Brandon Lee died at the age of twenty-eight, in 1993, while filming the movie “The Raven”, having received a shot from an acting pistol that was accidentally loaded with a training bullet.

Training bullets are used for close-up shooting, but the pistol must be emptied of it before it is filled with empty bullets.

After receiving the shot, the shooting continued until the end of the scene, and when he did not stand on his feet, the filmmakers knew that he had been subjected to something bad.

In another incident, in 1984, the American actor, John Eric Hexom, was joking on the set of a television movie, fed up with the delay in filming.

He loaded the pistol with a blank bullet, placed the barrel of the revolver on his temple and fired.

Unlike Lee, Hexom did not die at the site, but the force of the bullet fractured his skull, and he died days later in the hospital.
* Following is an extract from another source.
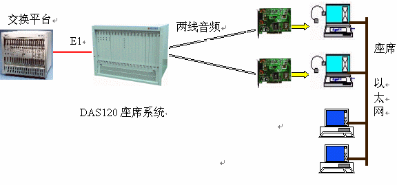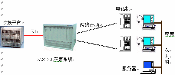 ·DAS120與交換平臺采用E1連接,信令為隨路信令CAS。

How can acting weapons and blanks be used safely?

Hexum’s death alerted the problems of chelating weapons, as they could be very dangerous.

Adding to the risks is that some filming locations raise the amount of explosive in order to enhance the visual effect.

Filming locations usually set strict rules for the use of acting weapons. They are provided by professionals who give instructions on how to use it.

Weapon expert Bill Davies, who has worked on several TV sets, says: “If someone put live ammunition in the gun, first the live ammunition shouldn’t have been on the set. Second, they had to make sure the gun was empty by inserting a pen into the barrel and looking at it. And third, they had to keep an eye on the ammo they put in the gun.”

Some of those working in filming are wondering why chelating ammunition is still used in the first place, while the technology now provides the effects of computer shooting, with simple techniques.

Actor and director, Craig Zobel, wrote on Twitter: “There is no need today to have pistols filled with blank bullets or anything else. Why not ban them permanently by law?”

Television writer David Slack tweeted: “Acting pistols are real pistols, and blanks have real explosives in them. They can hurt and kill. If you’re on a set with non-safety acting weapons, just leave.” No program or cinematography is worth risking people’s lives.”